Counting a radius length of 5 units to the west from the center produces the leftmost point of $(-1,-1)$ on the circle. Counting a radius length of 5 units to the east from the center produces rightmost point of $(9,-1)$.

Counting a radius length of 5 units from the center to the west and east always produces the leftmost and rightmost points on the circle. Below are 2 additional points that are graphed on the circle. While both points are also 5 units from the center, notice that neither are the leftmost or rightmost points.

The equation of a circle in standard form is $(x-h{)}^2+(y-k{)}^2=r^2$, where $(h,k)$ is the center of the circle, and $r$ is the radius of the circle. The ordered pair $(x,y)$ represents any point on the circle. Since the stake is at the origin of the coordinate plane, it is a point that has coordinates $(0,0)$. When the rope is fully extended, it forms the radius for the circular path your pet walks, so $r=10$. Substituting our center and radius into the equation of a circle, we have:

$(x-0{)}^2+(y-0{)}^2={10}^2$
$x^2+y^2=100$

An ordered pair (x,y) is a point on the circle if it satisfies the equation of the circle. Substituting (-8,6) into the equation of the circle, we get:

$(-8{)}^2+(6{)}^2=100$
$64+36=100$
$100=100$

Since the ordered pair produces a true statement when substituting it into the equation of the circle, it satisfies the equation, so it is a point on the circle.

Substituting $(6,8)$ into our equation, we get:

$(6{)}^2+(8{)}^2=100$
$36+64=100$
$100=100$

Since the ordered pair $(6,8)$ produces a true statement when substituting it into the equation of the circle, it satisfies the equation, so it is also a point on the circle.

Since the center of the hub of the bicycle is at the origin of the coordinate plane, it is a point that has coordinates $(0,0)$. We can use the origin and the given point on the circle to find its radius.

The equation of a circle in standard form is $(x-h{)}^2+(y-k{)}^2=r^2$, where $(h,k)$ is the center of the circle, and $r$ is the radius of the circle.
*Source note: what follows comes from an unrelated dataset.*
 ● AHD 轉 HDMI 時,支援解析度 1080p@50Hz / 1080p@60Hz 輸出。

The ordered pair $(x,y)$ represents any point on the circle. Substituting our center $(0,0)$ into the equation of the circle, we have:

$(x-0{)}^2+(y-0{)}^2=r^2$
$x^2+y^2=r^2$

Now entering the given point $(6,-2)$ into the equation for the circle, we have:

$(6{)}^2+(-2{)}^2=r^2$
$36+4=r^2$
$\sqrt{40}=\sqrt{r^2}$
$r=\sqrt{40}$ or $2\sqrt{10}$

While $r=\pm 2\sqrt{10}$, we only use $2\sqrt{10}$ since the radius has a non-negative length.
Substituting our center and radius into the equation, we have:

$x^2+y^2=(2\sqrt{10}{)}^2$
$x^2+y^2=4\cdot 10$
$x^2+y^2=40$

An ordered pair $(x,y)$ is a point on the circle if it satisfies the equation of the circle. Substituting $(-2,6)$ into the equation of the circle, we get:

$x^2+y^2=40$
$(-2{)}^2+(6{)}^2=40$
$4+36=40$
$40=40$

Since the ordered pair produces a true statement when substituting it into the equation of the circle, it satisfies the equation, so it is a point on the circle.
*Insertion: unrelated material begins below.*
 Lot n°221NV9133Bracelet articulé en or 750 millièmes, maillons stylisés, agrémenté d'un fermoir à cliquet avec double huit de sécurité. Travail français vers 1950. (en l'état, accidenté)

Substituting $(5,\sqrt{15})$ into the equation of the circle, we get:

$(5{)}^2+(\sqrt{15}{)}^2=40$
$25+15=40$
$40=40$

Since the ordered pair $(5,\sqrt{15})$ produces a true statement when substituting it into the equation of the circle, it satisfies the equation, so it is also a point on the circle.